Problem description
Your reply should reproduce the data below without a single alteration, apart from dropping the images.

Data supplied
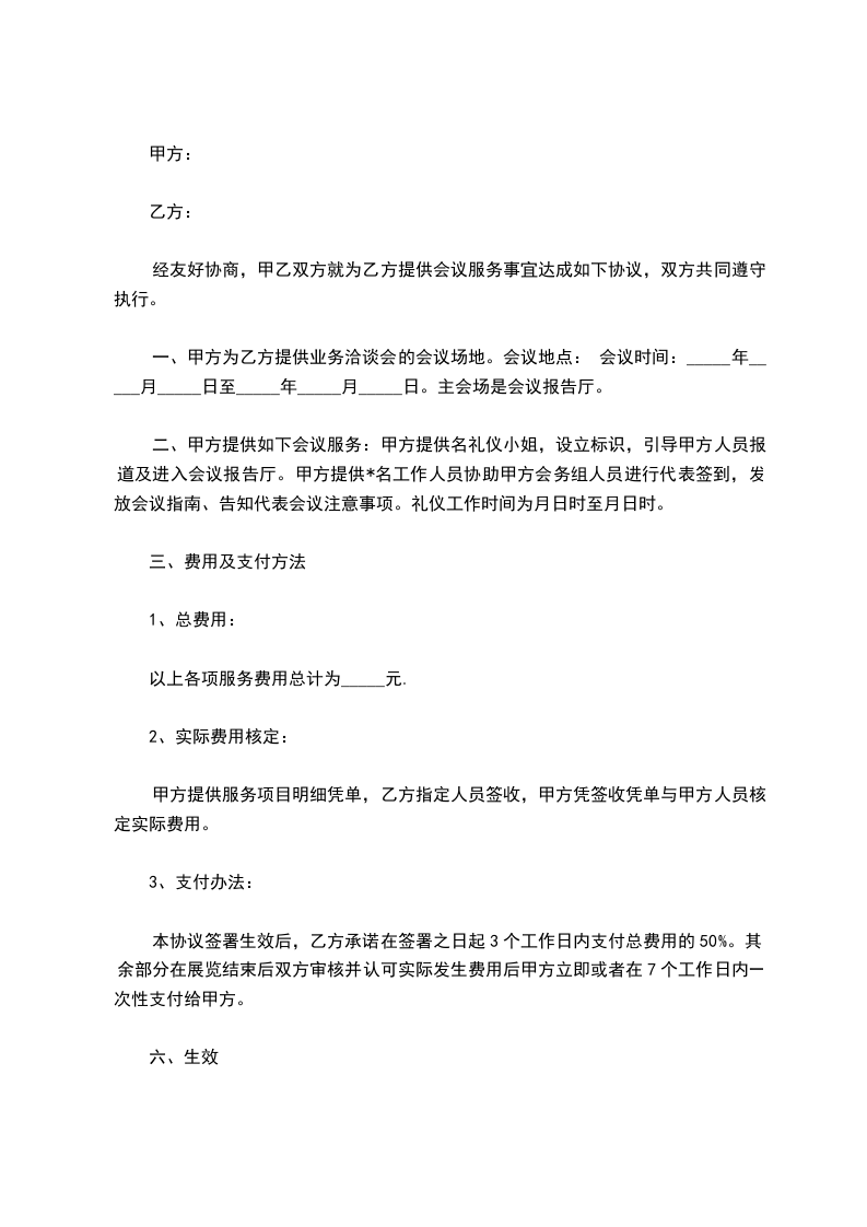 经友好协商,甲乙双方就为乙方提供会议服务事宜达成如下协议,双方共同遵守执行。
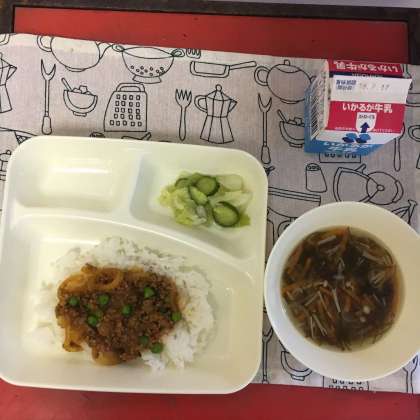 今日の献立は、タコライス、もずくと白ねぎのスープ、キャベツときゅうりのサラダ、牛乳でした。
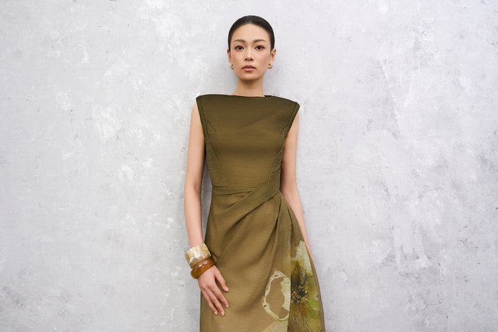 Like spring’s first breeze, the Verna Dress moves with unforced grace. An off-shoulder silhouette flatters with softness and subtle structure, while fluid draping lends an air of quiet allure. Feminine yet assured, it is a piece that speaks to the art of presence — where lightness meets strength.
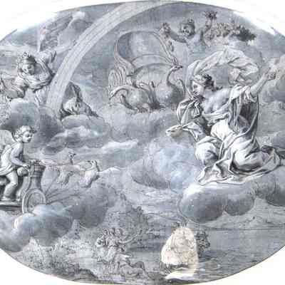 Venus Riding in Her Swan Chariot with Venus and Flora Attending
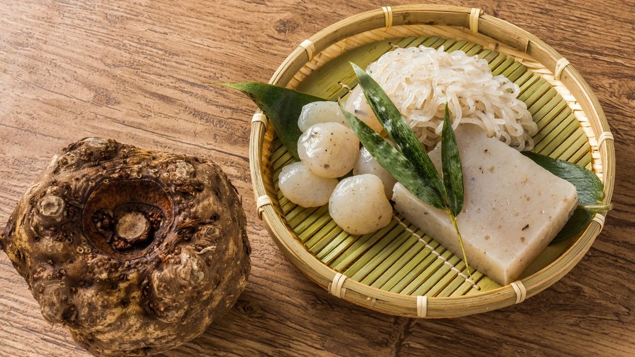 Escribe un artículo en francés sobre: Platos con ‘konjac’, un ingrediente muy bajo en calorías…
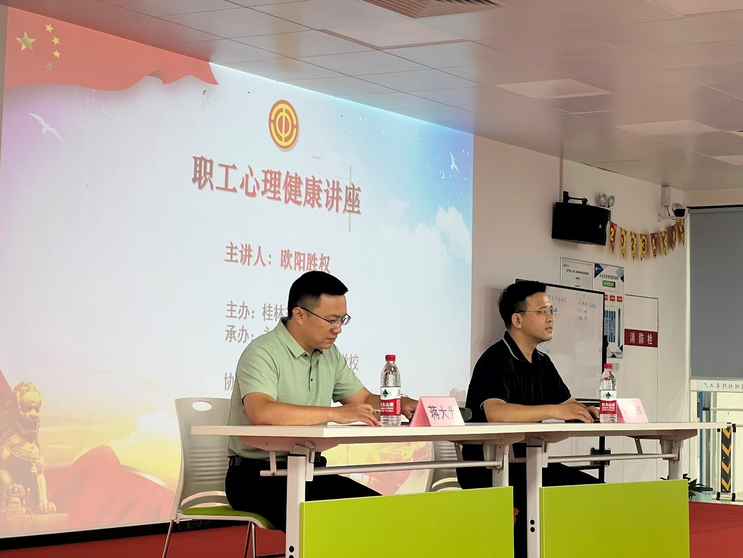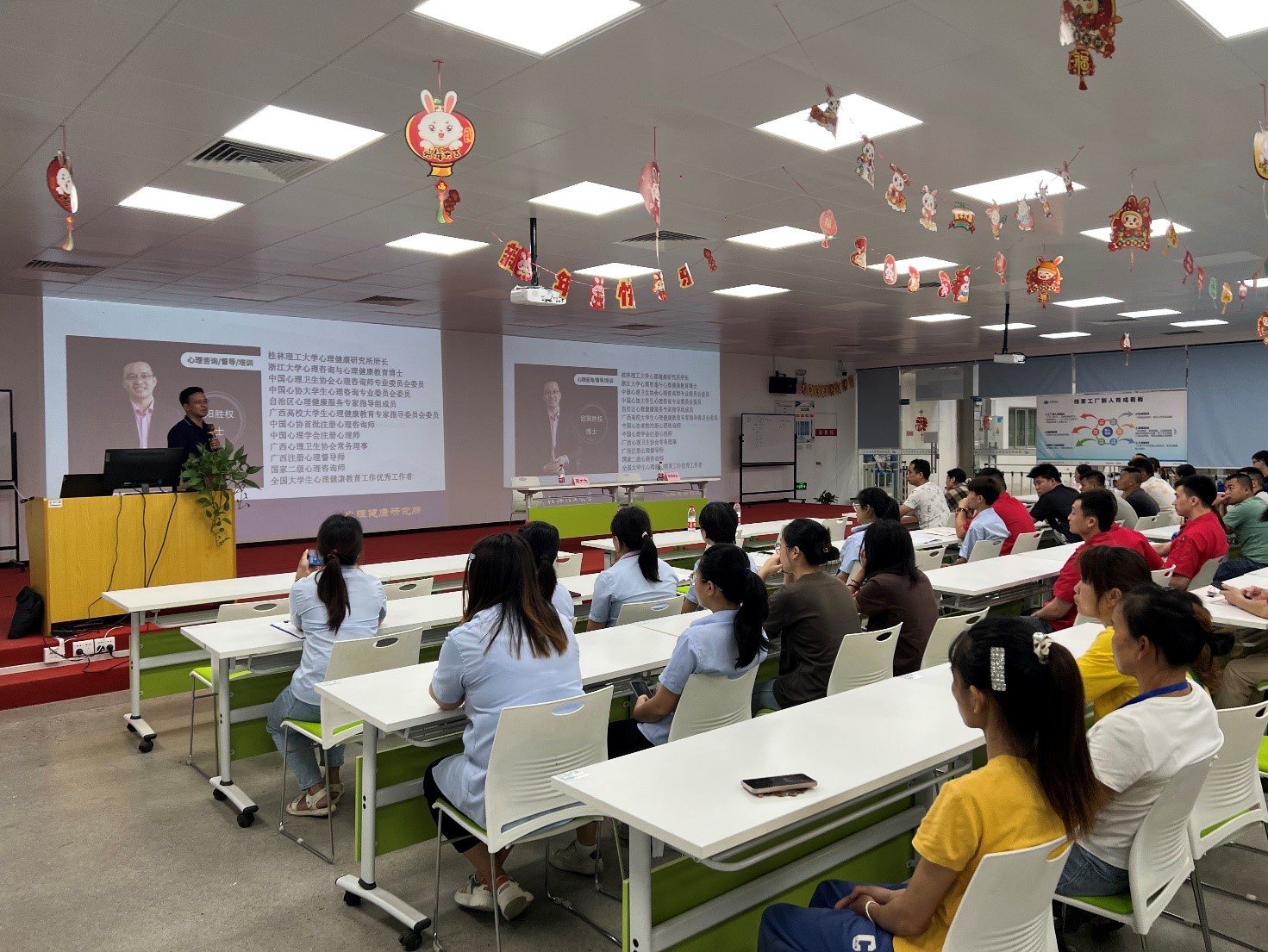 為關愛職工心理健康,減輕職工工作壓力,提高工作效能,2023年7月13日上午,桂林市職工大學派出心理健康專家為桂林比亞迪實業(yè)有限公司開展《職工心理健康維護與壓力管理》心理講座。
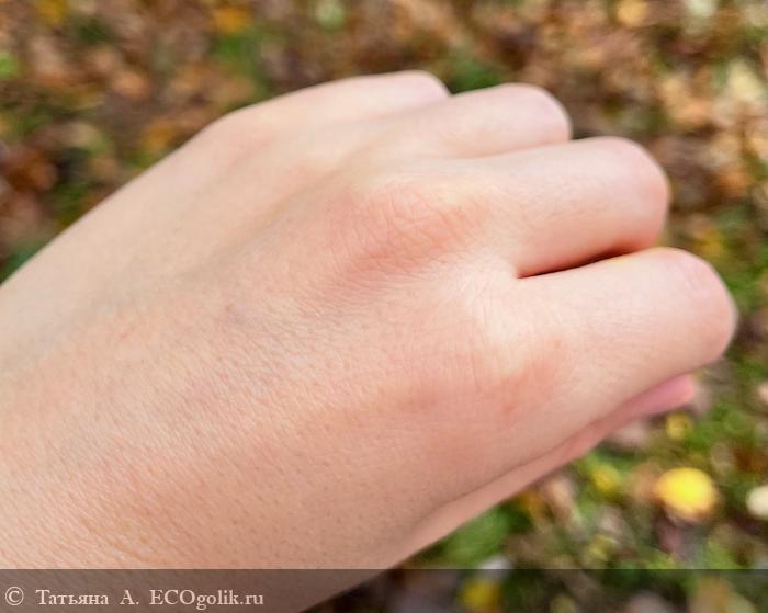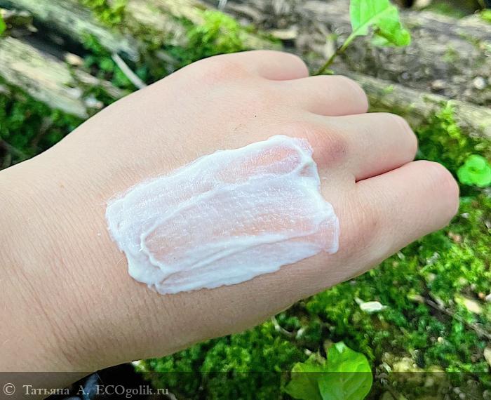 Название «крем-молочко» очень точно отражает текстуру средства: крем подчёркивает питательность, а молочко — способность средства таять на коже, ощущение невесомости. Сразу же после нанесения чувствуется небольшая липкость, но она не раздражает и очень быстро исчезает. Не прошло и минуты, а крем-молочко уже полностью впиталось, качественно увлажнив кожу рук.
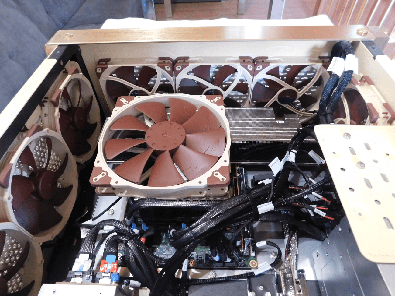 Για την ψύξη του συνόλου, υπάρχει μια ψύκτρα που είναι εξοπλισμένη με έναν μόνο ανεμιστήρα Noctua NF-A15 PWM σε διαμόρφωση από πάνω προς τα κάτω, ενώ το ίδιο το πλαίσιο είναι εξοπλισμένο με 8 ανεμιστήρες Noctua. Μπορείτε να πάρετε το περίβλημα και στα
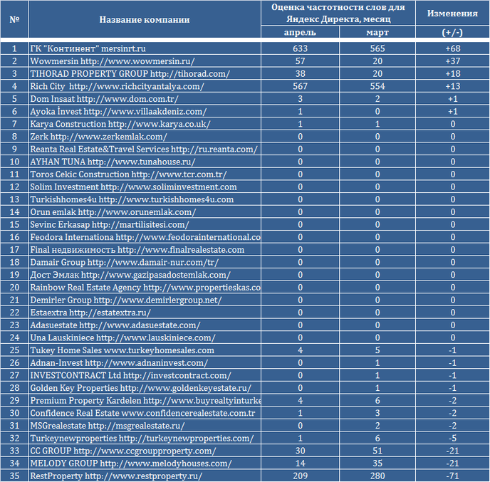 Общее количество запросов об участниках рейтинга в апреле составило 1653, что равняется 20,19% от количества запросов по фразе "Недвижимость Турции".
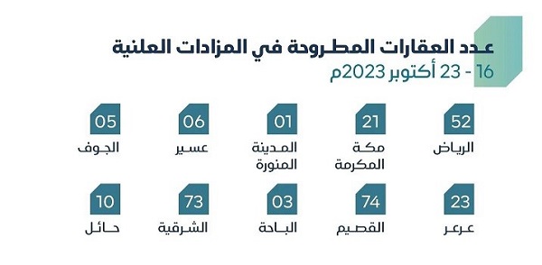 وأوضح المركز أن المزادات تتضمن إقامة 4 مزادات في منطقة مكة المكرمة لعرض 21 فرصة عقارية متنوعة، و7 مزادات لعرض 52 عقارًا بمنطقة الرياض، و73 عقارًا بمنطقة الشرقية من خلال 5 مزادات علنية، و74 فرصة عقارية في 4 مزادات بمنطقة القصيم، ومزادًا واحدًا في منطقة الجوف يعرض فيه 5 عقارات، إضافةً لعرض 23 عقارًا بعرعر، و10 عقارات بمنطقة حائل، و3 عقارات في منطقة الباحة، و6 عقارات في منطقة عسير، ومزادًا بالمدينة المنورة يعرض من خلاله قصر سكني، إلى جانب إقامة عدة مزادات على مجموعة من المنقولات، وذلك بإقامة مزاد الإبل بالطويقي بمدينة الرياض، ومزاد الإبل والأغنام بالمدينة المنورة، ومزاد للسيارات والشاحنات بجدة.
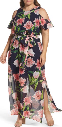 Vibrant flowers keep things fresh and bright on a flowing maxi dress with cold-shoulder cutouts and a flattering tie at the waist.
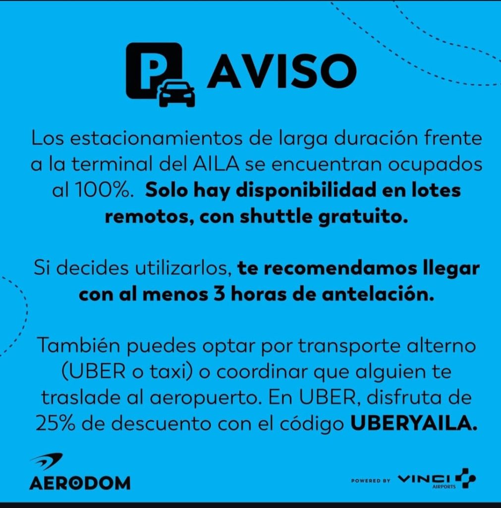La información fue dada a conocer por Aerodom, entidad que administra la terminal, la cual explicó que, ante la alta demanda, solo hay disponibilidad en los lotes remotos, los mismos cuentan con servicio de shuttle gratuito para trasladar a los viajeros hasta el edificio principal.
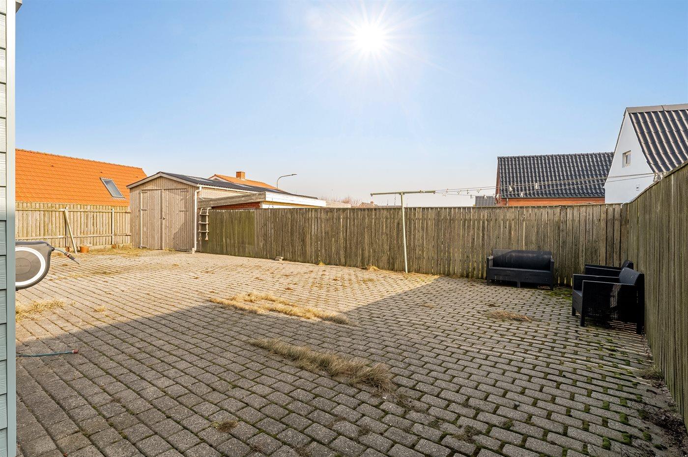 De vakantiewoning is gelegen op een 305 m² groot grond. De grond is omheind. Afstand tot de zee 150 m. Dichtstbijzijnde winkel 500 m. Bij de vakantiewoning hoort beschut terras. Het huis heeft een stopcontact voor het opladen van een elektrische auto.

Response
 经友好协商,甲乙双方就为乙方提供会议服务事宜达成如下协议,双方共同遵守执行。
 今日の献立は、タコライス、もずくと白ねぎのスープ、キャベツときゅうりのサラダ、牛乳でした。
 Like spring’s first breeze, the Verna Dress moves with unforced grace. An off-shoulder silhouette flatters with softness and subtle structure, while fluid draping lends an air of quiet allure. Feminine yet assured, it is a piece that speaks to the art of presence — where lightness meets strength.
 Venus Riding in Her Swan Chariot with Venus and Flora Attending
 Escribe un artículo en francés sobre: Platos con ‘konjac’, un ingrediente muy bajo en calorías…
 為關愛職工心理健康,減輕職工工作壓力,提高工作效能,2023年7月13日上午,桂林市職工大學派出心理健康專家為桂林比亞迪實業(yè)有限公司開展《職工心理健康維護與壓力管理》心理講座。
 Название «крем-молочко» очень точно отражает текстуру средства: крем подчёркивает питательность, а молочко — способность средства таять на коже, ощущение невесомости. Сразу же после нанесения чувствуется небольшая липкость, но она не раздражает и очень быстро исчезает. Не прошло и минуты, а крем-молочко уже полностью впиталось, качественно увлажнив кожу рук.
 Για την ψύξη του συνόλου, υπάρχει μια ψύκτρα που είναι εξοπλισμένη με έναν μόνο ανεμιστήρα Noctua NF-A15 PWM σε διαμόρφωση από πάνω προς τα κάτω, ενώ το ίδιο το πλαίσιο είναι εξοπλισμένο με 8 ανεμιστήρες Noctua. Μπορείτε να πάρετε το περίβλημα και στα
 Общее количество запросов об участниках рейтинга в апреле составило 1653, что равняется 20,19% от количества запросов по фразе "Недвижимость Турции".
 وأوضح المركز أن المزادات تتضمن إقامة 4 مزادات في منطقة مكة المكرمة لعرض 21 فرصة عقارية متنوعة، و7 مزادات لعرض 52 عقارًا بمنطقة الرياض، و73 عقارًا بمنطقة الشرقية من خلال 5 مزادات علنية، و74 فرصة عقارية في 4 مزادات بمنطقة القصيم، ومزادًا واحدًا في منطقة الجوف يعرض فيه 5 عقارات، إضافةً لعرض 23 عقارًا بعرعر، و10 عقارات بمنطقة حائل، و3 عقارات في منطقة الباحة، و6 عقارات في منطقة عسير، ومزادًا بالمدينة المنورة يعرض من خلاله قصر سكني، إلى جانب إقامة عدة مزادات على مجموعة من المنقولات، وذلك بإقامة مزاد الإبل بالطويقي بمدينة الرياض، ومزاد الإبل والأغنام بالمدينة المنورة، ومزاد للسيارات والشاحنات بجدة.
 Vibrant flowers keep things fresh and bright on a flowing maxi dress with cold-shoulder cutouts and a flattering tie at the waist.
La información fue dada a conocer por Aerodom, entidad que administra la terminal, la cual explicó que, ante la alta demanda, solo hay disponibilidad en los lotes remotos, los mismos cuentan con servicio de shuttle gratuito para trasladar a los viajeros hasta el edificio principal.
 De vakantiewoning is gelegen op een 305 m² groot grond. De grond is omheind. Afstand tot de zee 150 m. Dichtstbijzijnde winkel 500 m. Bij de vakantiewoning hoort beschut terras. Het huis heeft een stopcontact voor het opladen van een elektrische auto.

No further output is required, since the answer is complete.